Another Simple Favor streams on Prime Video beginning May 1. This review is based on a screening at the 2025 SXSW Film and Television Festival.
A sequel doesn’t have to be bigger, although many of them, including Another Simple Favor, choose to go this route. It doesn’t even have to be better, really, given the low expectations audiences historically have for follow-ups. What it has to be is more – specifically, more of whatever made the first film work well enough to justify a second one.
In the case of A Simple Favor, the thing that charmed audiences enough to bring in five times the budget was the effervescent chemistry between stars Blake Lively and Anna Kendrick (with some delicious bon mots and fabulous costume design as a bonus). The sequel delivers more of all these things: Kendrick is still tiny and spunky, the queen of the skeptical head tilt and sassy comeback. And Lively is still tall and unflappable, intriguing and intimidating at the same time.
The script gives them plenty of witty lines to volley back and forth, with enough left over for supporting players like Andrew Rannells, who tells his young daughter early in the film, “If you can’t be smart, be funny. If you can’t be funny, be pretty.” That’s typical of the script’s pithy, bitchy dialogue, written by returning screenwriter Jessica Sharzer along with Altered Carbon creator Laeta Kalogridis.
Another Simple Favor takes the action to Italy, where Emily (Lively) and Stephanie (Kendrick) reunite at the former’s wedding on the stunning island of Capri. At risk of spoilers, the natural question here is, “Didn’t Emily go to jail at the end of the last movie?” Yes, and true to the movie’s tongue-in-cheek tone, that’s explained away with a single line after Emily stomps back into Stephanie’s life in a pair of rhinestone-studded stiletto boots. Stephanie owes Emily – you guessed it – another favor, given the whole “sending her to prison after having sex with her husband, and then writing a book about it” thing.

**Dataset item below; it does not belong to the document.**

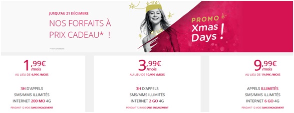 L’opération Xmas Days avec trois forfaits Virgin Mobile à prix cadeau touche à sa fin ce soir 21 décembre minuit. Vous pouvez encore profiter d’un forfait mobile sans engagement à partir de 1.99€ par mois pendant encore quelques heures et la data est doublée à vie pour ces trois formules sans engagement. Voici un rappel des offres en promo pendant 1 an chez Virgin Mobile :

Henry Golding is back as Emily’s errant now-ex-spouse, and his (unfortunately brief, for reasons best not explained here) appearance in the film is a comedic highlight. Weddings also bring family members back into the fold, and Allison Janney joins the cast as Emily’s estranged aunt Linda, who’s more conniving and dangerous than she appears. And of course there must be a husband, and Michele Morrone does his duty being hunky and a little scary as Emily’s betrothed Dante, who’s the heir to a massive fortune no one wants to talk about. (The Mafia. It’s the Mafia.)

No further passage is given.